A single number is the answer here: how many lines of the entries contain "building"?

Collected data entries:
*** Block opens ***

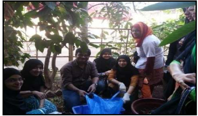
Hands on training to the students for the preparation of Vermi composting on 15 th December 2016
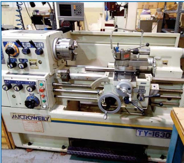
MICROWEILY TY-1630S LATHE

CATERPILLAR GC25 Propane Forklift, 4,700lb Cap., 190" Max Lift, 3 Stage Mast, Side Shift, s/n 5EM90049
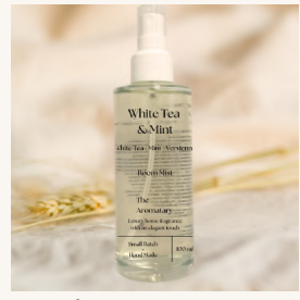
White Tea & Mint White Tea | Mint | Vervienne
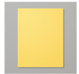
Daffodil Delight 8- 1/2" X 11" Cardstock - 119683
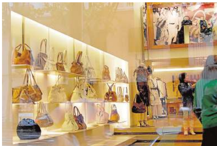
Marbella is the place to shop for luxury designer labels. :: SUR

Also in the Marbella area is the Villa Padierna Golf Resort, whose courses form an important part of the Costa del Golf. Some of the best golfers in the world have played here. The courses at Villa Padierna are famous because their rounds are not only suitable for experi-
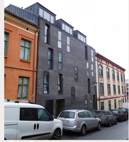
Newbuild in the Grünerløkka district, Oslo. The building contrasts with the adjacent buildings, but the high quality of the exterior design, choice of materials and adapted volume make the project acceptable.

Proactive clarification and clear communication of cultural heritage values pave the way for good solutions and are a precondition for the predictability of the cultural heritage management authority in planning and building applications.
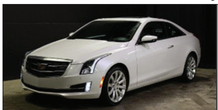
2017 Cadillac ATS AWD Luxury
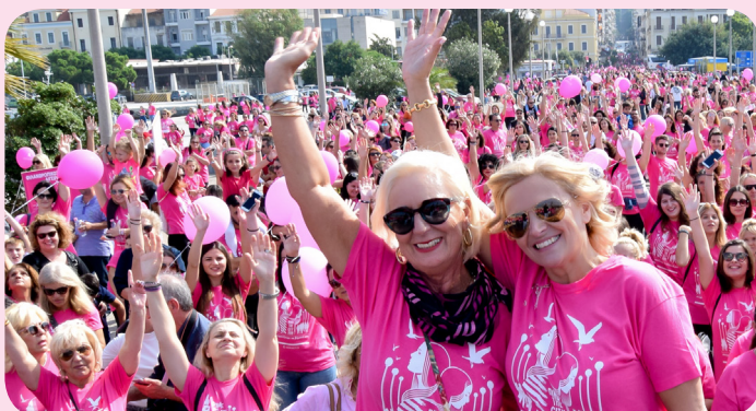
Breast Cancer Walk
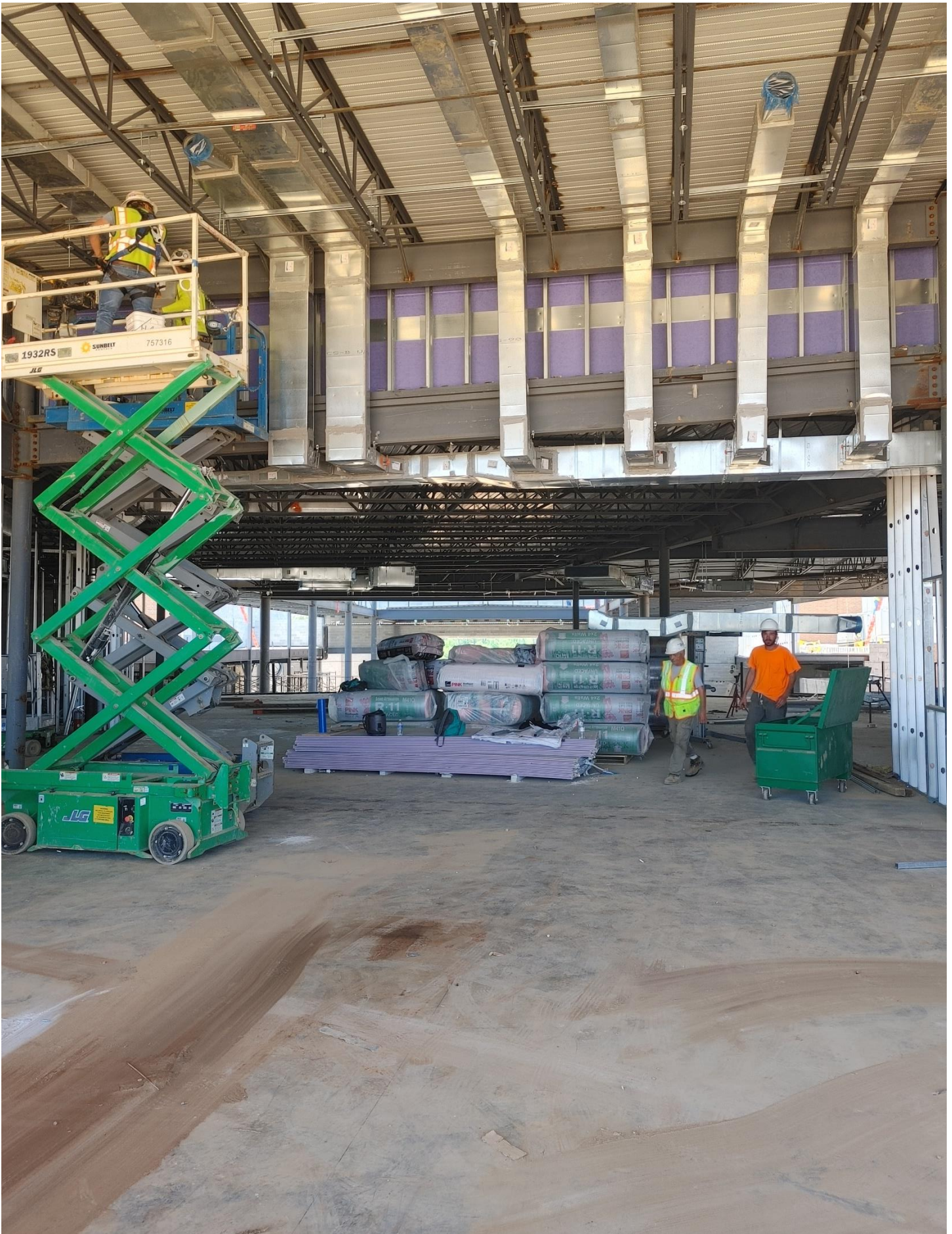
Photo 4 - Duct Banks being run in Area A
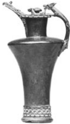
Basse-Yutz flagon from France, c. 400 B.C. (© The Trustees of the British Museum )
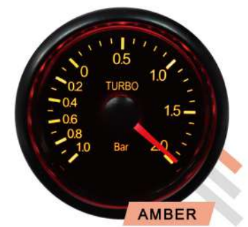
AMBER DISPLAY | DOUBLE VISION |

*** Block closes ***

## Solution for this problem
2